# Overflow¶

When we type two numbers into a calculator and ask for the sum, we don’t think too hard about how the calculator arrives at the answer. Implicitly, we might have a mental model of the calculator as doing what we do when we add 2 numbers, but much faster and more carefully. That’s not a very good model. In particular, that model doesn’t predict the errors we get with calculators in certain scenarios.

A better model is the one described in my post on binary addition. The practical takeaway of the model is that a computer represents numbers in binary with some fixed, finite number of digits. We can also use the model to predict the errors we get when the sum that we’ve asked for exceeds the limit.

For example, suppose the computer we have only stores numbers that can be represented with 8 binary digits, i.e. we have 16 input tubes in our fluidic computer.

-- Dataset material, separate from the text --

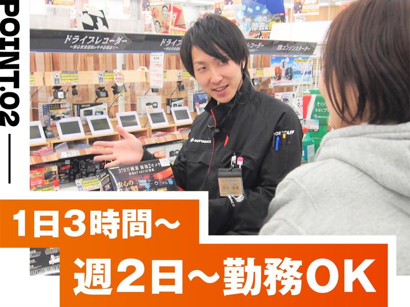仕事内容 ✅ 週2日~&1日3h~でシフト自由 ✅ 土日祝は優遇!高時給1200円 ✅ Wワークや扶養内勤務も可♪ ✅ 未経験OK!車の知識が無くてもOK ✅ 初めてのバイトやパートにピッタリ ✅ 10代~50代まで活躍中です! ✅ 社割でカー用品をお得に購入可能! ================= 【 お願いする仕事 】 当社運営のオートバックスにて 商品の陳列や店内POPの作成、 簡単なレジ打ちなどをお任せします。 「この商品の横にこれを並べよう」 「POPをこう飾るとカワイイかも」 など販促のためのアイデアは大歓迎。 スタッフ全員で意見を出し合いながら 和気あいあいと働いています! 未経験でも、車の知識がなくても 車に乗った事がなくてもOK! 気軽にご応募ください! - 【 学業や家事の合間にサクッと 】 週2日&1日3hの短時間から勤務OK! 「時給の高い土日祝のみで」 「稼ぎたいからフルタイムで」 「曜日や時間を固定せずに」 「扶養控除内に収めたい」 など、希望は最大限考慮します。 - 【 こんな仲間たちが活躍中 】 当社の店舗では新入生を含む学生さんや フリーターさん、主婦さんが活躍中! 車好きも、そうでない人も関係なく、 抜群のチームワークが自慢です。 子どもの発熱や学校行事などによる 急なシフト変更には協力して対応。 お気軽にご相談ください。

The maximum number we can store is 11111111, which is $$\sum_{i=1}^8 2^{i-1} = 2^7 = 255$$. What happens when we add 255 to 255?

carry 11111111
11111111
+11111111
----------
111111110


We can’t store the last 1 in the answer (it’s the $$C_{out}$$ bucket in our fluidic computer), so it leaves us with 11111110, or 254.

We can observe this behavior in Python:

import numpy as np

x = np.array([2**8 - 1, 2**8-1], dtype='uint8')

x
array([255, 255], dtype=uint8)

np.sum(x, dtype='uint8')
254


There’s some nuance to this, but most of the time we don’t notice it, because the dtype for an integer numpy array is int64.